> **Task objective**
The copy should begin at the line containing "如上图所示,2倍镜和4倍镜的" and end with the last line below, every line exact and no picture included.

> **Collected data**
┌────────

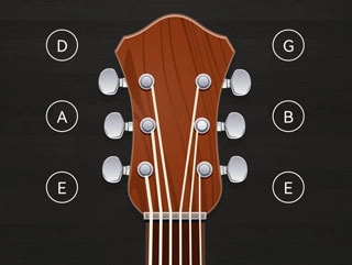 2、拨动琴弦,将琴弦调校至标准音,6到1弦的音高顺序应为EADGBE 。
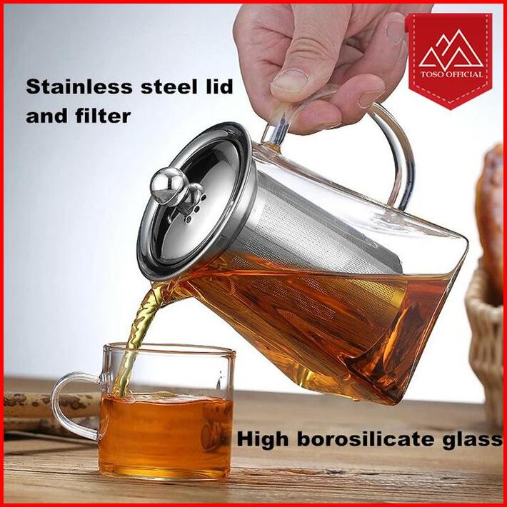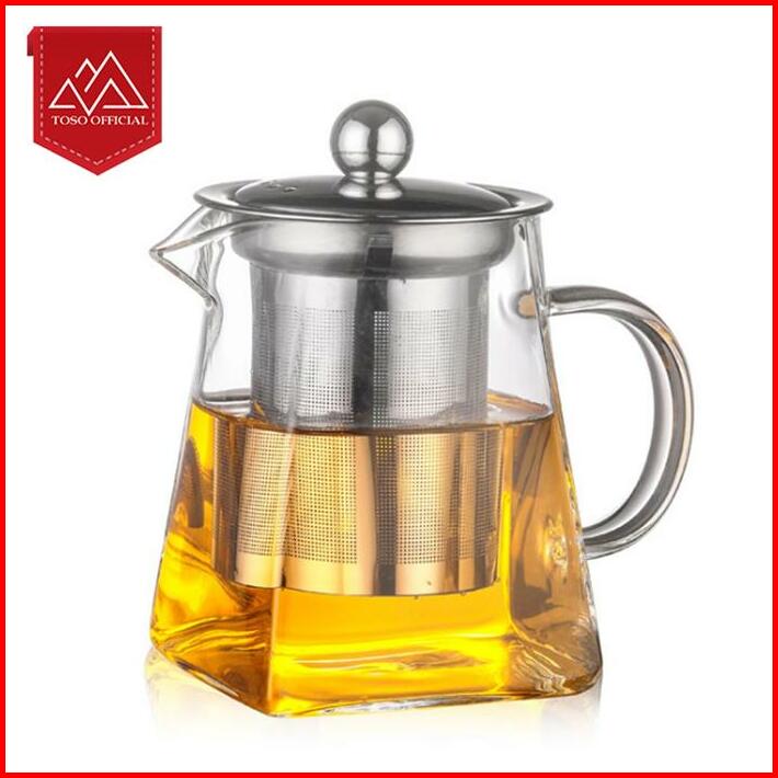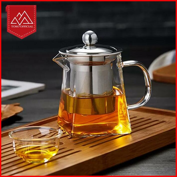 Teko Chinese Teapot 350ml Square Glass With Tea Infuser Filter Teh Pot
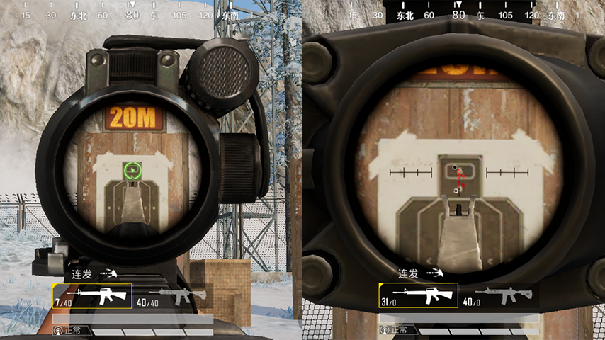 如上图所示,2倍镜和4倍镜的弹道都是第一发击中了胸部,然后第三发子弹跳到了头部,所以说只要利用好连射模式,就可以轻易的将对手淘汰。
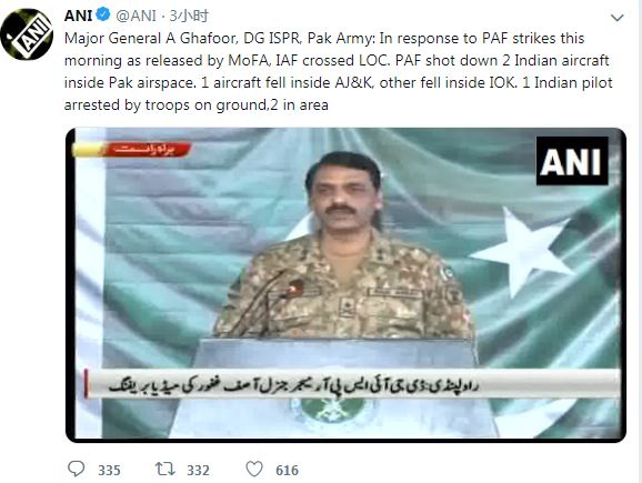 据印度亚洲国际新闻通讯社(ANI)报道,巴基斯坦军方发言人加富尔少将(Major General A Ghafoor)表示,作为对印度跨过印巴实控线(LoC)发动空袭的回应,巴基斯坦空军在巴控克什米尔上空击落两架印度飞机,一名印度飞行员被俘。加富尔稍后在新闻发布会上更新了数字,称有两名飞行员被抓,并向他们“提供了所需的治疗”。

└────────

> **Response box**
 如上图所示,2倍镜和4倍镜的弹道都是第一发击中了胸部,然后第三发子弹跳到了头部,所以说只要利用好连射模式,就可以轻易的将对手淘汰。
 据印度亚洲国际新闻通讯社(ANI)报道,巴基斯坦军方发言人加富尔少将(Major General A Ghafoor)表示,作为对印度跨过印巴实控线(LoC)发动空袭的回应,巴基斯坦空军在巴控克什米尔上空击落两架印度飞机,一名印度飞行员被俘。加富尔稍后在新闻发布会上更新了数字,称有两名飞行员被抓,并向他们“提供了所需的治疗”。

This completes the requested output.